Mientras más avanzada y civilizada es una sociedad, donde sus medios de comunicación se hacen más poderosos y se unen en grupos y subgrupos que solo responden a una minoría, a una sola idea o una sola ideología. En un mundo donde todo lo que se ve, se oye o se percibe responde a un orden, a una estructura que todo lo abarca y contiene. Donde las ideas distintas son tomadas como propias de delirantes o extremistas y donde todo lo que se dice es analizado minuciosamente, para luego ser tergiversado y expuesto a la opinión publica (que no es otra cosa que una opinión manipulada por otros “caudillos” de la comunicación), se hace difícil creer que estamos más comunicados. Más bien parece ser que mientras los artefactos, los métodos y la tecnología se hacen más eficientes, la gente menos se “comunica”.

-Comunicación

Comunicar no es simplemente expresar, es más que la palabra y los gestos, más que una mirada. La comunicación es,  o debería ser  el pensamiento hecho realidad. Y esto no es solo un reproche a los monopolios de la información es también un ofensiva deliberada a nosotros mismos, es una autocrítica. Ya que la falta de comunicación también ha sido culpa de nuestra “civilización”, de nuestros prejuicios, de nuestra falta de razón y exceso de ética. “Malo”, “bueno”, “correcto” o “incorrecto” no es más que una idea humana. Y no son más que códigos que se imponen y rotan según las épocas y la política del momento. Lo que ayer fue “malo y perverso” hoy no lo es tanto y viceversa. Gente presuntuosa se cree poseedora de la verdad innegable, pero como la realidad nos es más que un montón de estímulos que llegan a nosotros y que son pasados por un tamiz de selección según interés propio, moral, religión, ideología y hábito, la realidad es siempre subjetiva. Por lo que verdades absolutas no existen. Hay una única verdad absoluta: Y es que no podemos estar absolutamente seguros de nada.

-Libertad de Expresión

Comunicar también implica LIBERTAD. Libertad para decir, hacer y pensar como de la gana (por supuesto que ateniéndose a las consecuencias), sin reservas, ni miedo a el que dirán, sin miedo a sentirme “diferente” o excluido. Y es que normalmente no decimos lo que realmente pensamos, siempre ocultamos la mitad. Escondemos cosas que nos gustaría decir por miedo a la represión, a la censura y a la sanción social. Si la censura solo fuera una cuestión política, un choque de ideas entre grupos de distinta ideología, entonces la censura no es vista más que como un límite que debe ser destruido. Como una provocación a la guerra, un reto que debe ser tomado con entusiasmo y los transgresores son “héroes”. Pero cuando la censura y los reproches provienen de todo y todos los que nos rodean entonces se convierte en pánico, miedo que carcome, terror al “que dirán”.

Peor que la censura de los poderosos es la censura por el prejuicio de la mayoría, de los que son semejantes a uno. Y aún peor que la sanción social es la represión de uno mismo por miedo a los demás. Los prejuicios y el miedo a lo extraño destruyen toda posibilidad de comunicación humana verdadera. Cuando lo que decimos no se corresponde con lo que pensamos, por espanto a quedar aislados, lo que se obtiene es más bien una “Incomunicación”. No es posible hablar de comunicación entre personas cuando todo lo que quisiéramos decir y gritar a los cuatro vientos debe ser callado ante la posibilidad de quedar aislados, incomunicados, confinados a una tierra solitaria donde todo mundo nos toma por locos. Enajenados que perturban la divina paz y el orden estructural de una sociedad prejuiciosa.

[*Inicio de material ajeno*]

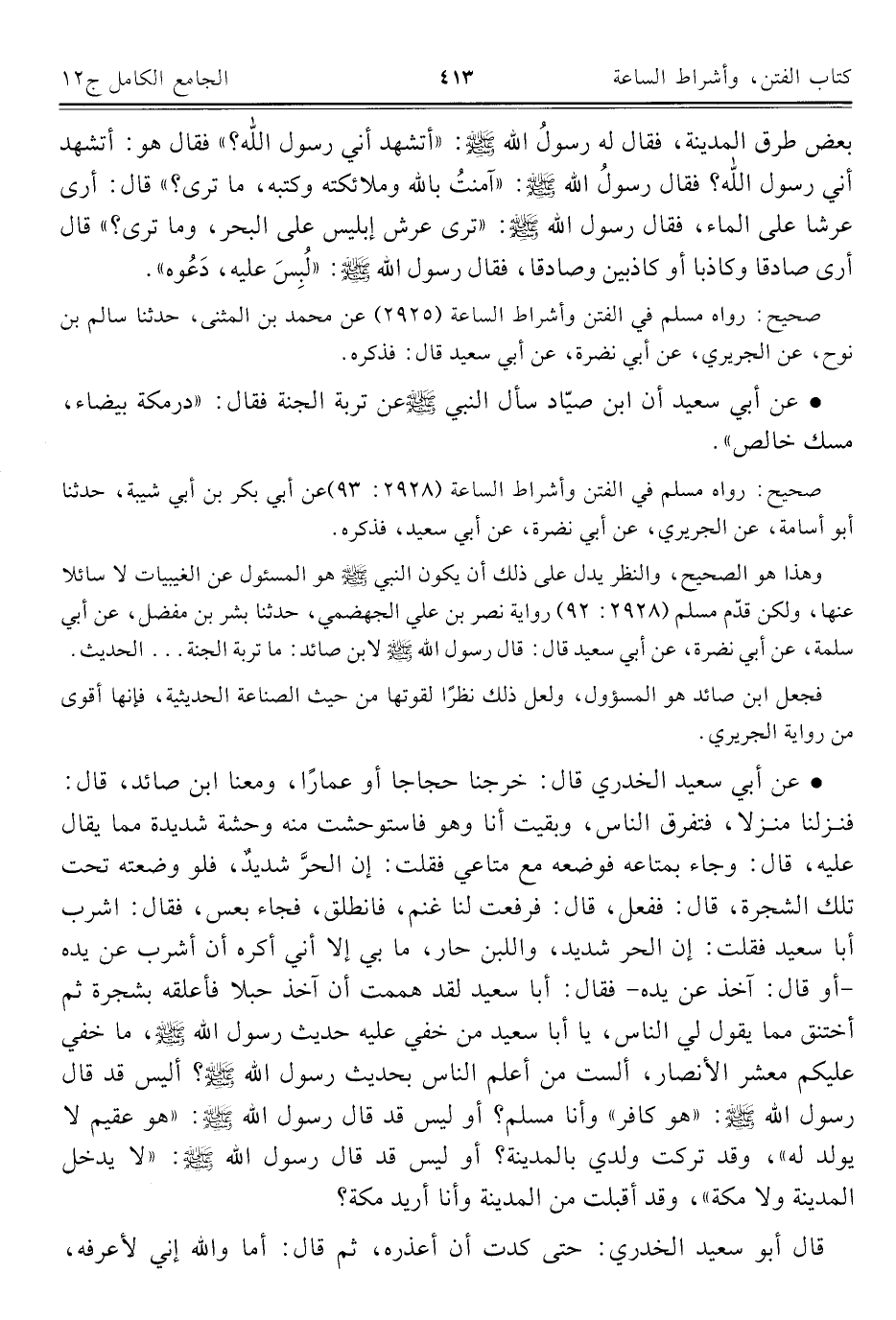 وهذا هو الصحيح، والنظر يدل على ذلك أن يكون النبي -صلى اللَّه عليه وسلم- هو المسئول عن الغيبيات لا سائلا عنها، ولكن قدّم مسلم (٢٩٢٨: ٩٢) رواية نصر بن علي الجهضمي، حدّثنا بشر بن مفضل، عن أبي سلمة، عن أبي نضرة، عن أبي سعيد قال: قال رسول اللَّه -صلى اللَّه عليه وسلم- لابن صائد: ما تربة الجنة. . . الحديث.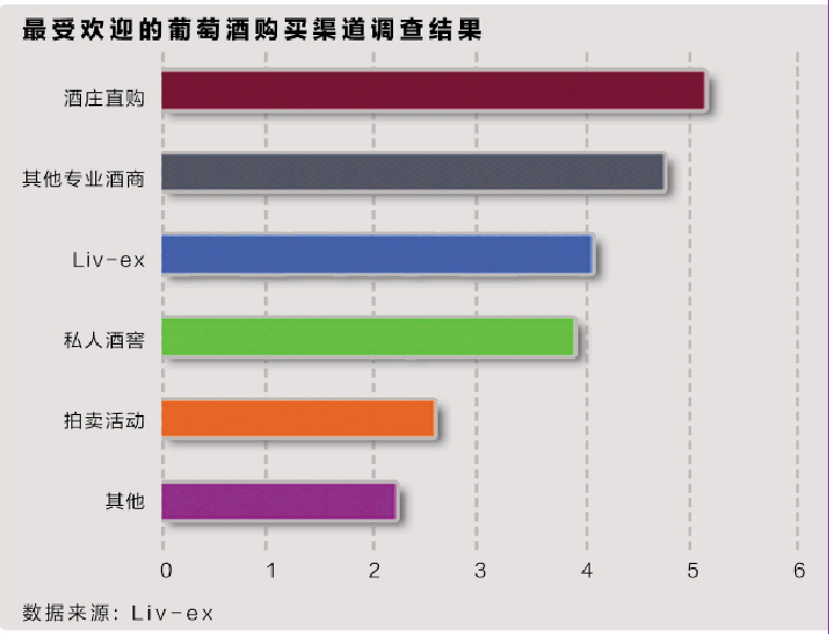 接受調查的酒商買家有近50%表示,直接從酒莊采購葡萄酒是他們的首選。該渠道滿足他們列出的兩個最重要的要求:價格和出處。他們的第二優先選擇是從其他專業的葡萄酒銷售商那里購買,例如進口商和分銷商。雖然這同樣可以獲取更多的葡萄酒,但通常以降低利潤為代價。排在第三位的是全球葡萄酒交易平臺Liv-ex,接受調查的買家中約有1/3將Liv-ex列為他們采購精品葡萄酒的第一或第二選擇。第四是從私人客戶酒窖購買,而拍賣僅排在第五位。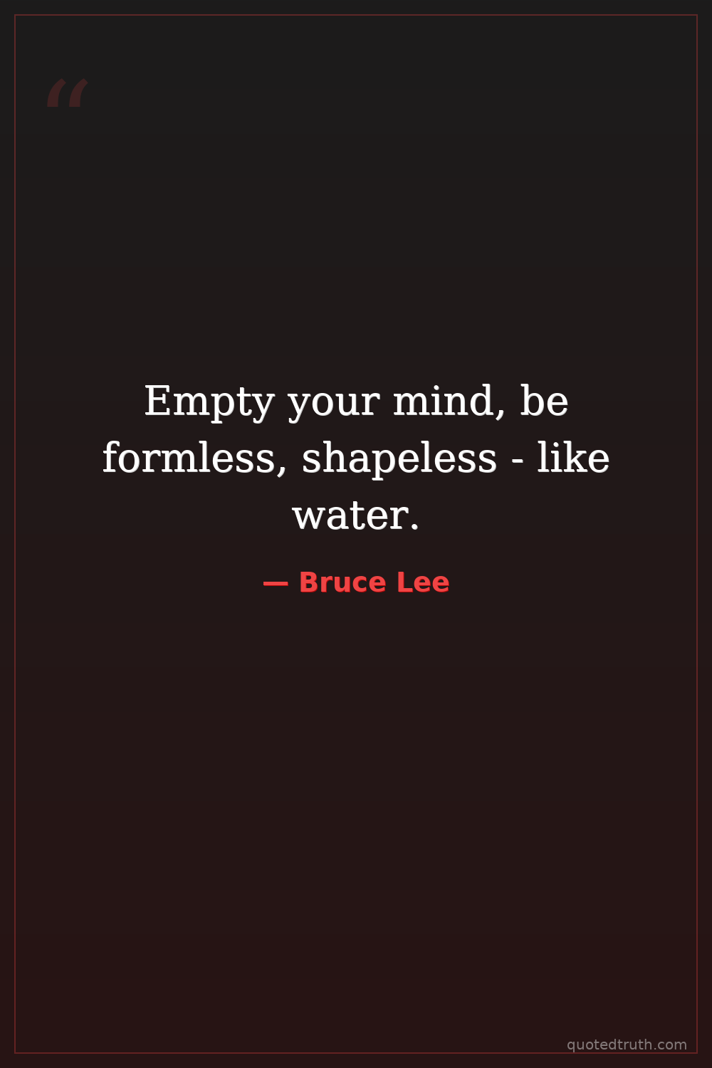 "Empty your mind, be formless, shapeless — like water. Now you put water in a cup, it becomes the cup; you put water into a bottle, it becomes the bottle; you put it in a teapot, it becomes the teapot.…"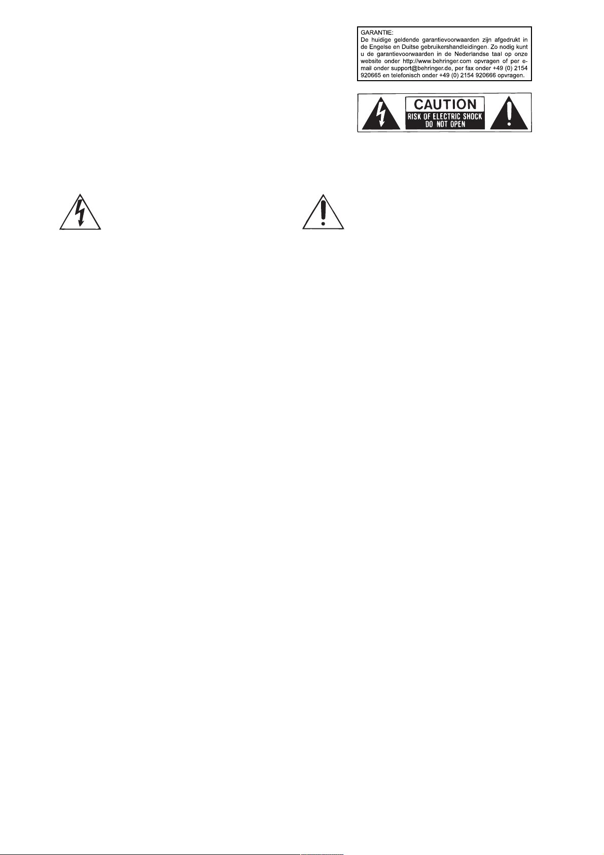 schriftelijke toestemming van de firma BEHRINGER Spezielle Studiotechnik GmbH. BEHRINGER en VIRTUALIZER zijn geregistreerde handelsmerken.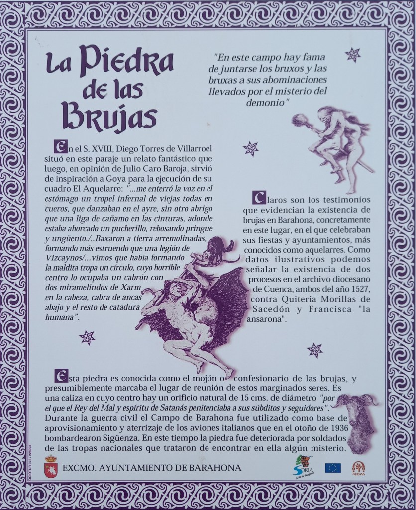 El pasado otoño nos acercamos hasta Soria, concretamente al pequeño pueblo de Barahona, más conocido como “Barahona de las Brujas”. Esta pequeña localidad casi limítrofe con la provincia de Guadalajara tiene fama por albergar una piedra “confesionario o mojón de las brujas” y por, junto a Zugarramurdi (Navarra) y Trasmoz(Zaragoza), contar tiempo atrás con una de las mayores agrupaciones brujeriles de la península, según aparece recogido por el Tribunal de la inquisición (1527-1530), en los archivos de Cuenca.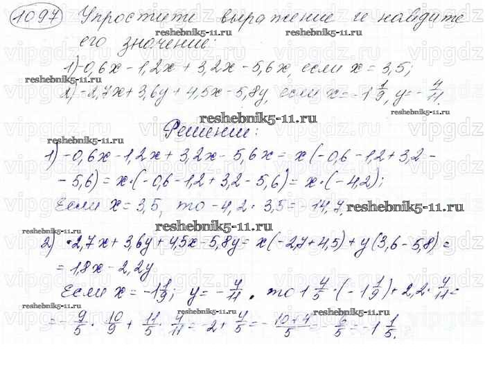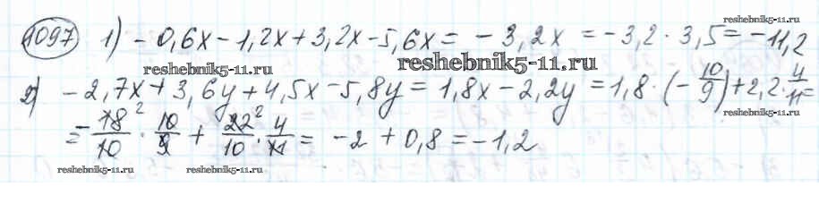 Готовая домашняя работа с ответами по Математике за 6 класс Мерзляк, Полонский, Якир Учебник Алгоритм успеха Вентана-граф 2016 ФГОС - Глава 4. Рациональные числа и действия над ними (упражнения) 1097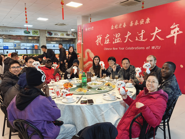当晚,温大怡口乐餐厅一楼装扮一新,张灯结彩、暖意融融。学校为寒假留校学生准备了丰盛的年夜饭,校党委副书记庄兴忠,副校长王舜,有关部门、学院负责人与留校师生欢聚一堂,共同迎接新春佳节的到来。留学生们在品尝美味的同时,也感受到了来自学校的温暖与关怀。王舜副校长与留学生亲切交谈,了解他们的学习情况,他希望留学生学好中文,来年再接再厉,学业蒸蒸日上。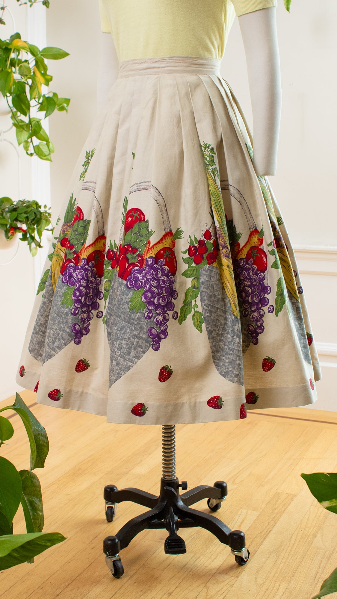 1950s Fruit Basket Novelty Border Print Skirt | small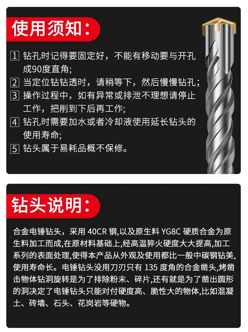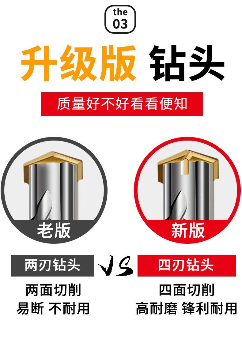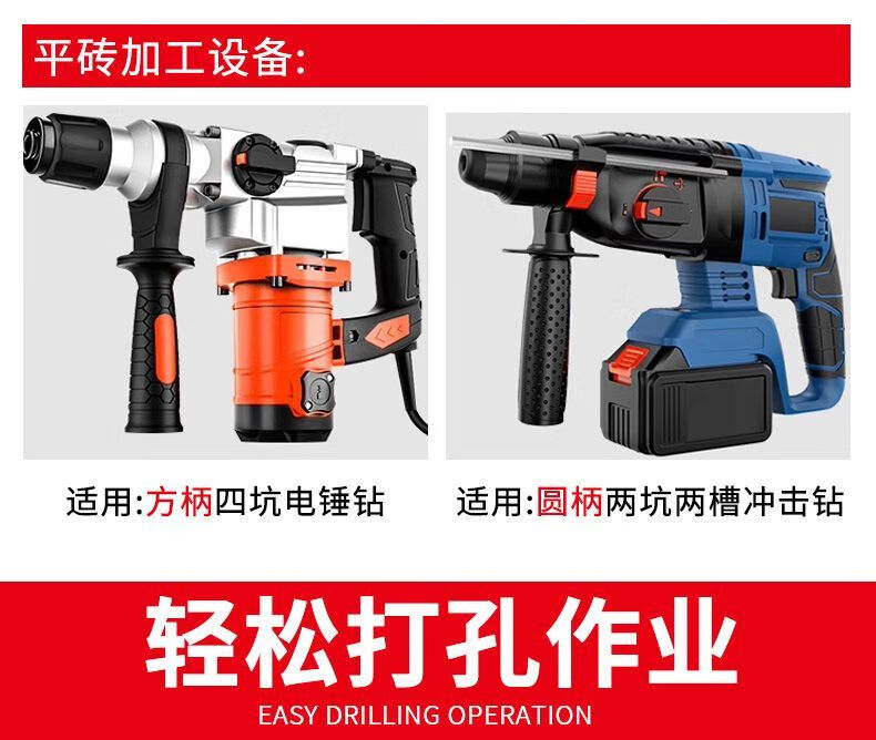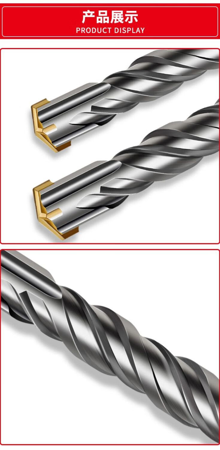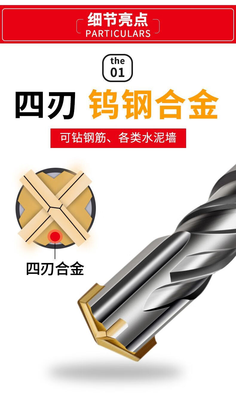 Fang Dawang impact drill square handle round handle concrete slotting electric hammer cross hole punching through the wall extended four-pit rotor wear-resistant square handle Fang Dawang cross four-edged electric hammer drill bit 14x200mm + sandpaper

Por razones justificadas en normas éticas, morales, religiosas, ideológicas o de cualquier otra índole, o simplemente porque no se atiene al “buen gusto” de la mayoría, los alienados se ven expulsados de su propio grupo por haber dicho o hecho algo que a sus compañeros no les gusto. Pero tarde o temprano los excluidos se reúnen y conforman nuevos grupos donde sociabilizar y comunicarse, por su puesto, ahora bajo el régimen y estructura que ellos mismos se imponen. Y quien rompa las nuevas reglas vuelve a la soledad de donde salio, la situación vuelve a ser la misma. Ante ello, “mejor no hablar de ciertas cosas…”

-Tabú

El problema son las estructuras, es el régimen estricto del cual no se puede salir ni hablar más halla de lo que “esta permitido”. Las reglas de un grupo no son impuestas por un acuerdo explícito sino más bien tácito. Donde cada integrante del conjunto acepta las normas generales para poder participar activamente. Ninguno de los “firmantes del contrato” es conciente de esto, sino que aprende y acepta las normas mediante la “prueba y el error”, aplicando el método del ensayo y error hasta dar en el clavo con lo que el grupo quiere de uno. Así uno aprende a “convivir”, también a mentir y ocultar sensaciones y pensamientos. El grupo, al igual que la sociedad, nos da las pautas de lo que esta bien y que esta mal, dueños de la verdad absoluta castigan al que dialoga de lo “que no se debe hablar” y premia a los subordinados, que no solo son fieles al sistema, sino que además se ensalzan de pertenecer al mismo. Y hacen alarde de sus “conducta intachable”.

-El Arte de No Pensar

Disimular y pasar desapercibido es el método de subsistencia de los alienados, decir “lo que no se debe” en el momento más inoportuno les puede costar el aprecio de los demás. Un sabio adagio dice: “El hombre es esclavo de lo que dice y dueño de lo que callas”. Y así obra la mayoría, callan más de lo que dicen.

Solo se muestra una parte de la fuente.